Et ce conflit a orienté les priorités. Côté « publics » de l’éducation permanente, la priorité a été la sécurité, la préservation des conditions de survie, ce qui parfois a amené à l’auto-isolement, et parfois a produit des formes d’auto-organisation et même de mobilisation. Côté « opérateurs », les priorités ont été le maintien de contact avec les « publics » et le soutien direct ou au travers de réseaux associatifs à ceux-ci. Le regard politique et critique, toujours présents, ont permis une compréhension des causes et des mécanismes à l’œuvre dans la crise, mais ont eu du mal parfois à se traduire en actions efficaces.

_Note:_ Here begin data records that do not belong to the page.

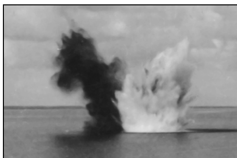
Abb. 2 und 3: Unterwasserdetonationen mit ihren unterschiedlichen Ausprägungen über der Wasseroberfläche.

nitionsverseucht (siehe Karte, Abb. 1). Vor kurzem wurde südlich der Insel Neuwerk auf einer über 10 Quadratkilometer großen Fläche besonders viel und größtenteils scharfe Weltkriegsmunition gefunden. Es handelt sich hierbei wahrscheinlich um das Hauptzielgebiet des ehemaligen Schießplatzes. Ein Großteil der Munition ist dort wahrscheinlich aber auch wild verklappt worden. Zum Schutz der Wattwanderer wurde sofort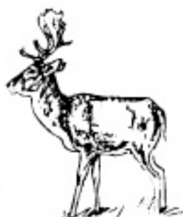
6 - 8 ani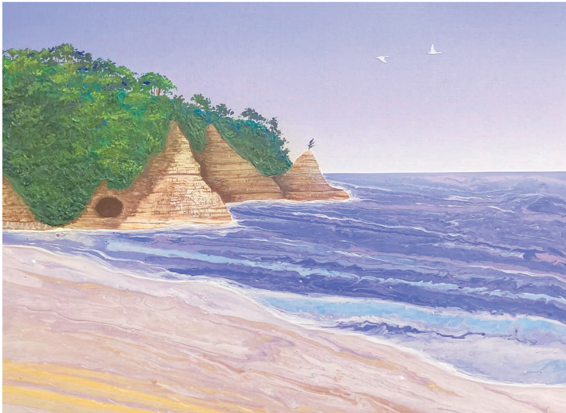
“PEACE-薄磯-” Artist: 金澤裕子 ゆうこけすんのおでかけトーク: 5面をcheck! ◆アーティスト/イラストレーター。いわき市勿来町出身/湯本高校卒業/筑波大学芸術専門学群総合造形専攻卒業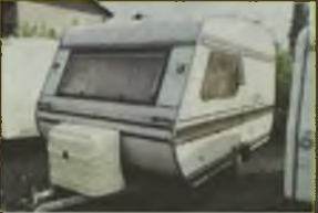
PRZYCZEPA KEMPINGOWA HOBBY, 1982 r., lodowka, zlewaczak, kuchnia gazowa, hamulec najazdowy, opony Tyntmaster, - 6.990 zł. F2603963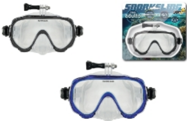
836247 MASCHERA PRO C/ATTACCO VIDEOCAMERA L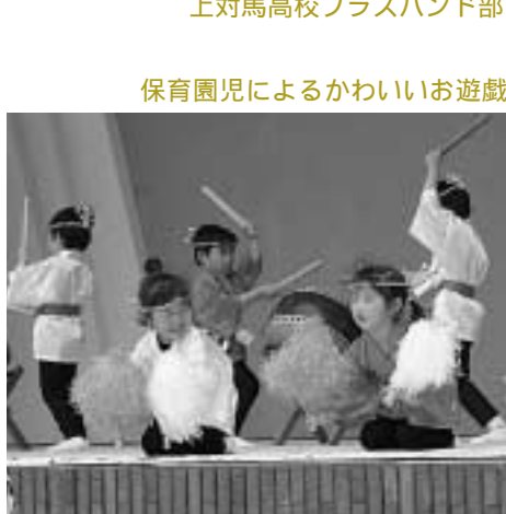
保育園児によるかわいいお遊戯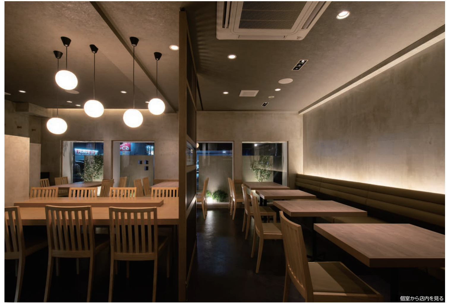
個室から店内を見る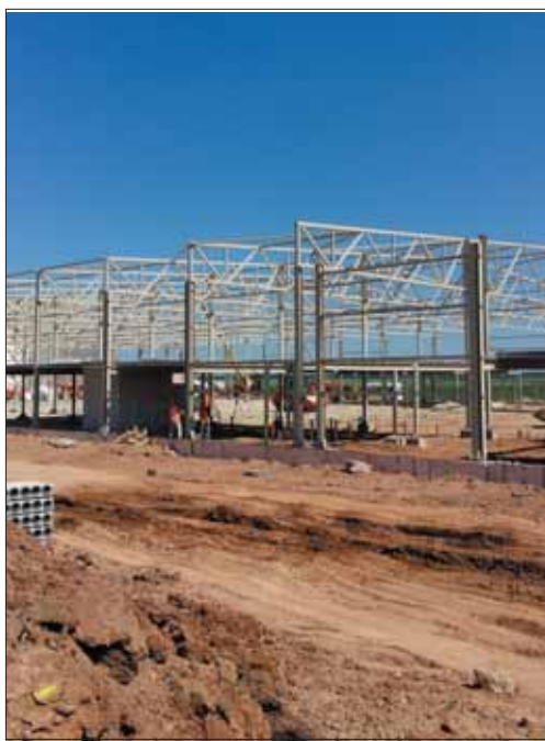
Žemės ūkio bendrovė „Delikatesas“ paukščių skerdyklai statyti sulaukė 4 mln. eurų paramos.

Joniškio rajone jau kyla moderni, viena didžiausių Lietuvoje paukščių skerdyklų. Statomi ir gamybinis bei sandėliavimo pastatai. Skerdykloje planuojama pagaminti 30 tūkst. tonų paukštienos

L’action de plaidoyer et de revendication vis-à-vis les pouvoirs publics ont servi à visibiliser les conséquences que la pandémie et sa gestion ont eues sur les milieux populaires et sur les catégories de travailleuses et de travailleurs les plus exposées. Mais confrontées à l’impréparation des interlocuteurs institutionnels, ainsi qu’à la préoccupation de ceux-ci de protéger les classes moyennes et les principaux intérêts économiques, ces actions n’ont pas eu une influence majeure sur les équilibres. Et les conflits sociaux, en réponse à l’exposition de travailleuses et de travailleurs aux risques de la pandémie ont eu du mal – sauf quelques exceptions – à s’organiser et à se manifester, car soumis au chantage de la nature « essentielle » de certaines fonctions sociales.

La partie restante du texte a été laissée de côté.